The Default Probability of Firms Implied by Their Equity Options Volatility Surfaces
<-- Return to the list
Date: 09-22-2003
Start Time:
5:30pm
End Time: 7:00pm
Speaker: Joe Zou, Goldman, Sachs & Co.
Location: Interschool Lab, Schapiro CEPSR
ABSTRACT
We examine the relationship between leveraged firms' default probabilities and
their equity options' implied volatility surfaces. We extract asset value
distributions consistent with the equity options volatility skew and term
structure. The model inputs include only observable equity options market data
plus the expected recovery rate in a default event. The equity option implied
asset value distributions do not rely on assumptions about the stochastic
process followed by the assets.

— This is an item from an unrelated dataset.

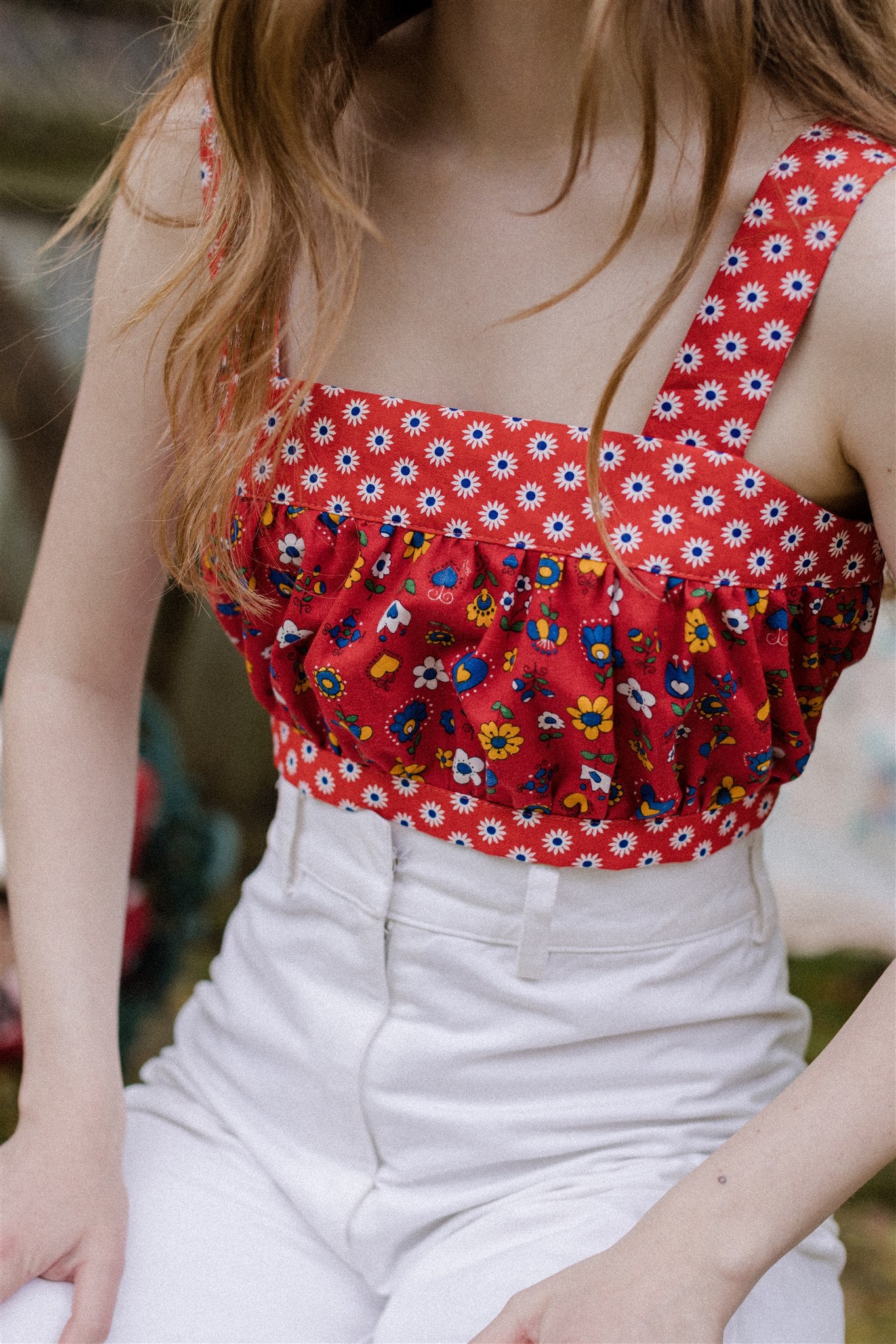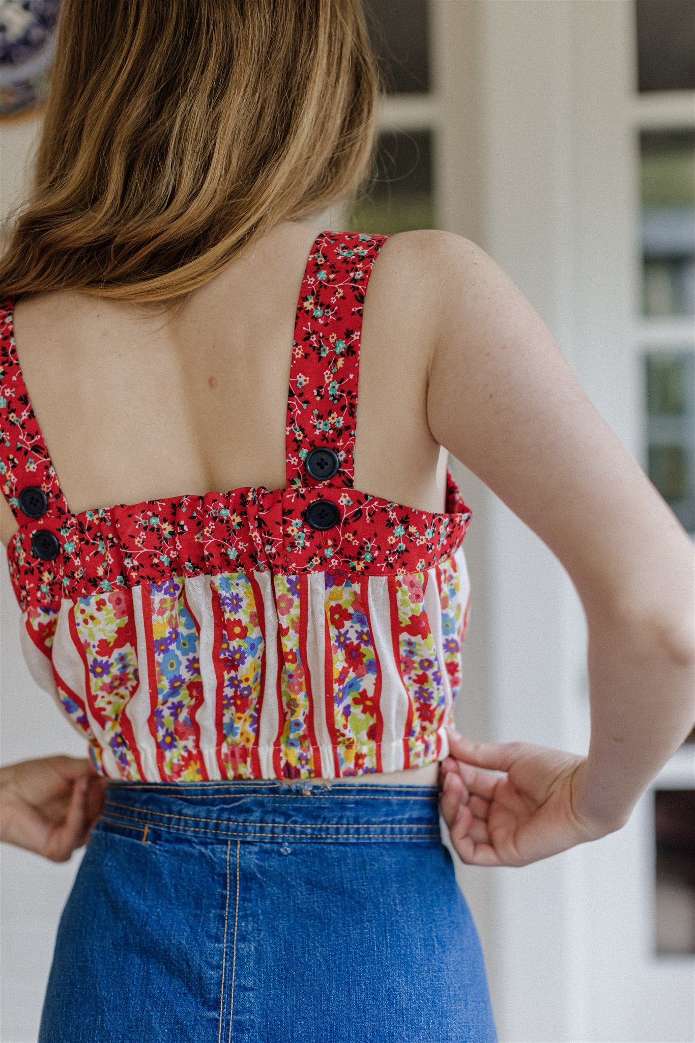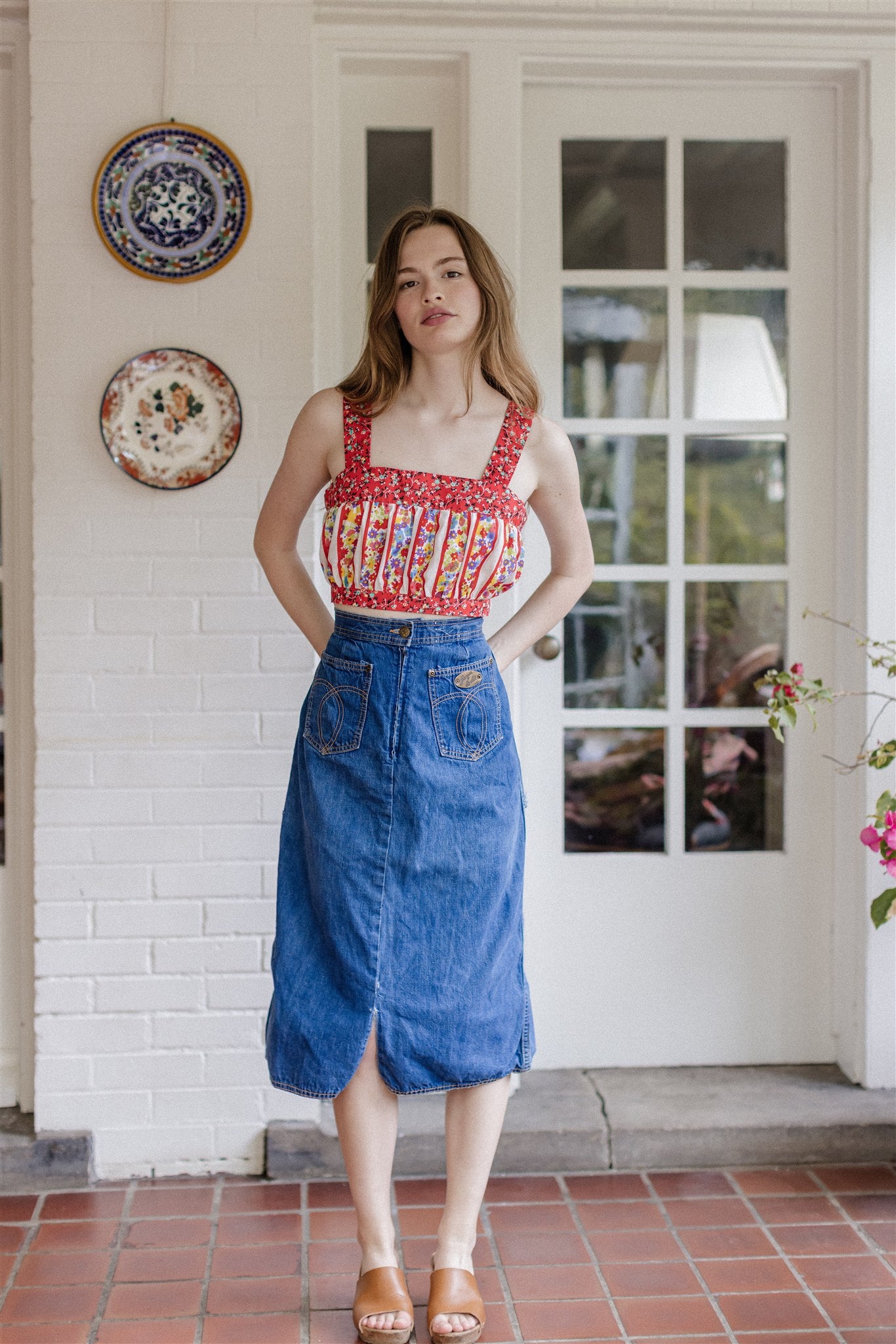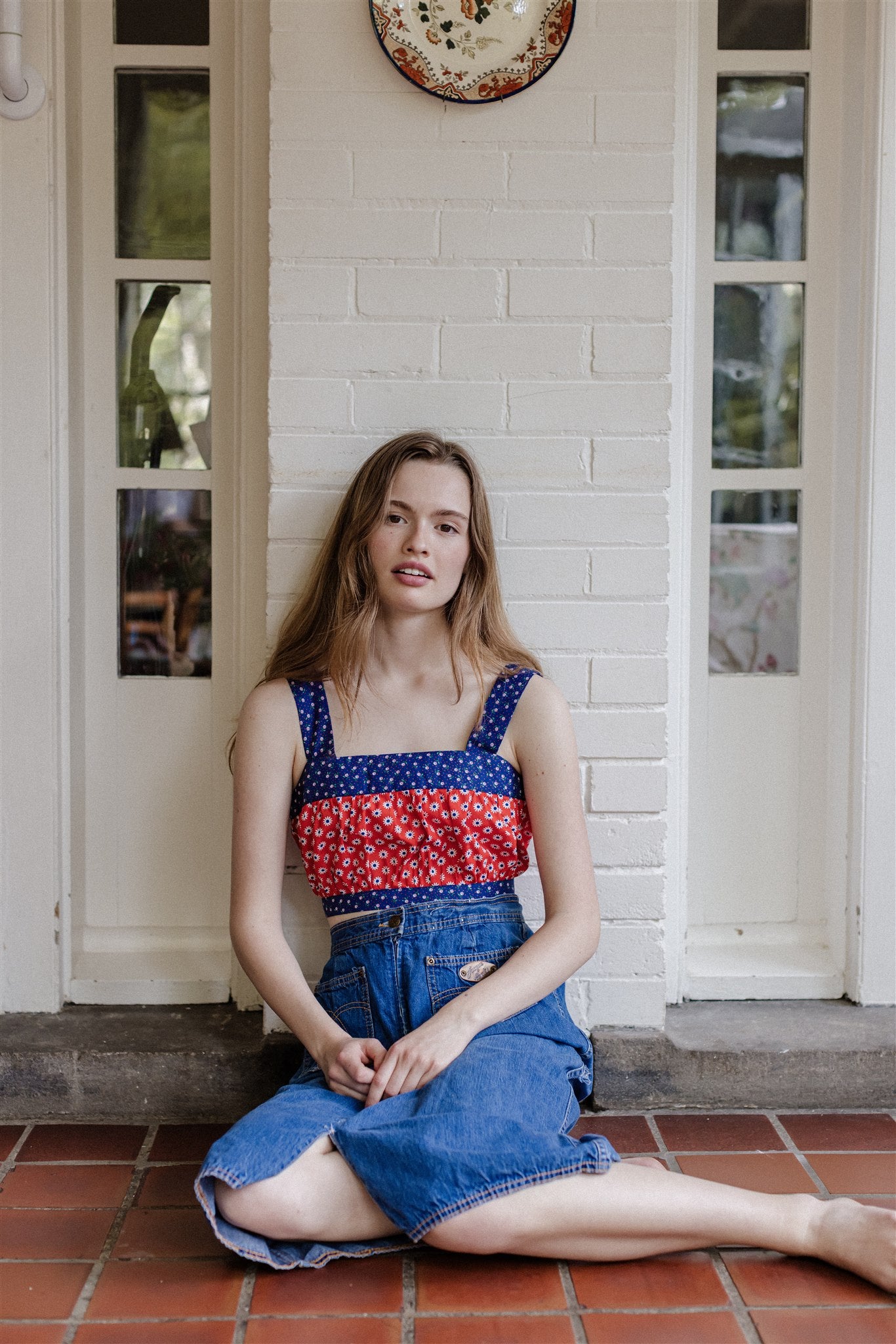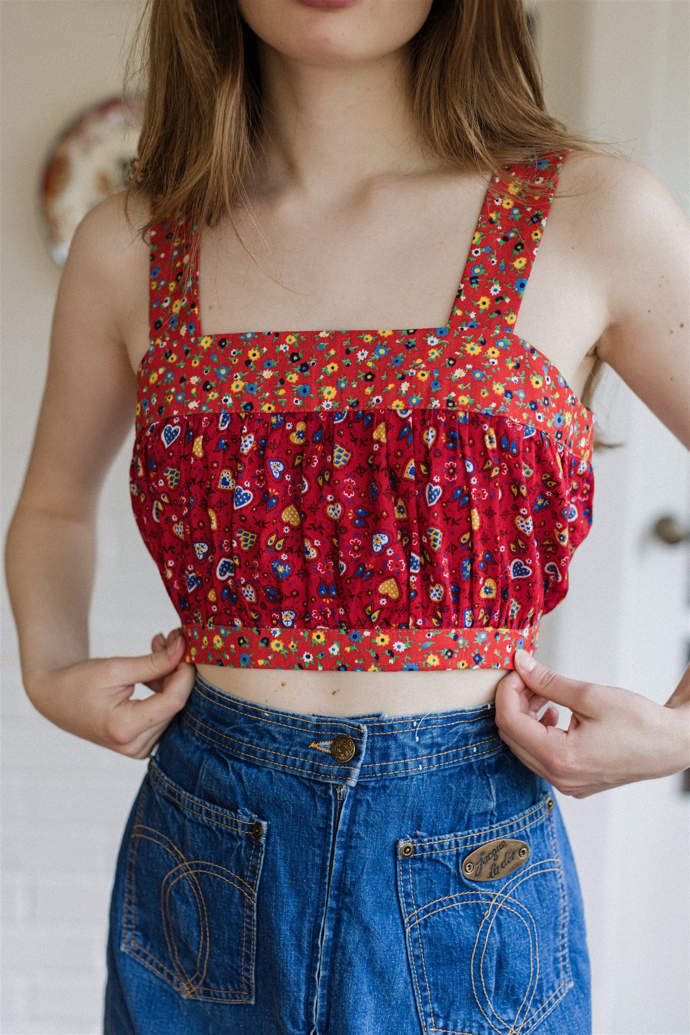A cropped cut to pair with our Strawflower Skirt, high waisted bottoms and overalls.

Numerical implementation of the model is
straightforward and robust. Application of the model to current credit default
swap market yields promissing results.
Outline of the
presentation:
. A brief review of structural models for risky debt
valuation
. Extraction of the default probability based on the information
embedded in the equity options volatility surface
. Term structure of default
probabilities and credit default swap valuation
. Numerical
Implementations
. Empirical tests and results
. Greeks of Credit Default
Swaps
. Concluding remarks
BIO
Dr. Zou is a Vice President with the GSPS volatility trading group at Goldman, Sachs & Co. Since joining Goldman Sachs in 1994, he has played a wide range of roles in developing equity derivatives pricing and risk management models, equity volatility trading strategies, and proprietary trading. He holds a Ph.D. in theoretical physics from Princeton University. Prior to joining Goldman Sachs, he was a Research Associate at Stanford University and a long-term Research Fellow at the Institute for Advanced Study in Princeton. Dr. Zou is based in New York.